EXERCISE REQUIREMENTS –
Directions for the data below: repeat exactly the lines from the one with "The Paragon Estilleto" through the one with "Platinum (XPT/USD) takes", both included, and omit all pictures.

▼

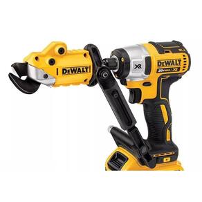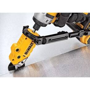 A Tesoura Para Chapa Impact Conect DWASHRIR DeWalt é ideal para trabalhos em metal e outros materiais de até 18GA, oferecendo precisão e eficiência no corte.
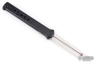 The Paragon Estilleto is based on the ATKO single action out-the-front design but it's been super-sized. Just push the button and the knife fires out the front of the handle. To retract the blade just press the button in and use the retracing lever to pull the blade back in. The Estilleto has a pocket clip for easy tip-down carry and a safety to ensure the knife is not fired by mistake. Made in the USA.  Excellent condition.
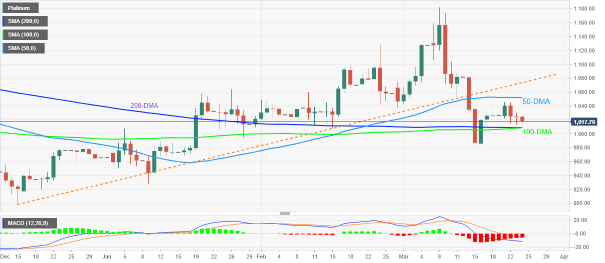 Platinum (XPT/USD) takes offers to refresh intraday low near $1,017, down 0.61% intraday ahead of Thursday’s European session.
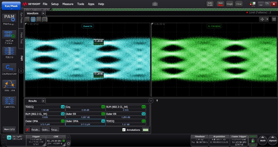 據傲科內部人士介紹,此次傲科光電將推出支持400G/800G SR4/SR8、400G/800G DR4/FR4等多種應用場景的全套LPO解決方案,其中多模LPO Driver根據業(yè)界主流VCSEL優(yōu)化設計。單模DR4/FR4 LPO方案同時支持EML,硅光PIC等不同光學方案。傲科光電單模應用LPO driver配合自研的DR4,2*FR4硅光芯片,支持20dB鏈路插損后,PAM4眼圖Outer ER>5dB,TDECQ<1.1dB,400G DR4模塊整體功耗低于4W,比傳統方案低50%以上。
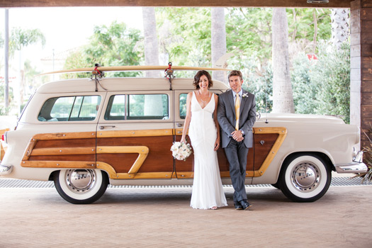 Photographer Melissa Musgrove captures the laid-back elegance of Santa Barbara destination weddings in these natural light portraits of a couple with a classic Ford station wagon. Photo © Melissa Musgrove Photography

▲

ANSWER TO THIS EXERCISE –
 The Paragon Estilleto is based on the ATKO single action out-the-front design but it's been super-sized. Just push the button and the knife fires out the front of the handle. To retract the blade just press the button in and use the retracing lever to pull the blade back in. The Estilleto has a pocket clip for easy tip-down carry and a safety to ensure the knife is not fired by mistake. Made in the USA.  Excellent condition.
 Platinum (XPT/USD) takes offers to refresh intraday low near $1,017, down 0.61% intraday ahead of Thursday’s European session.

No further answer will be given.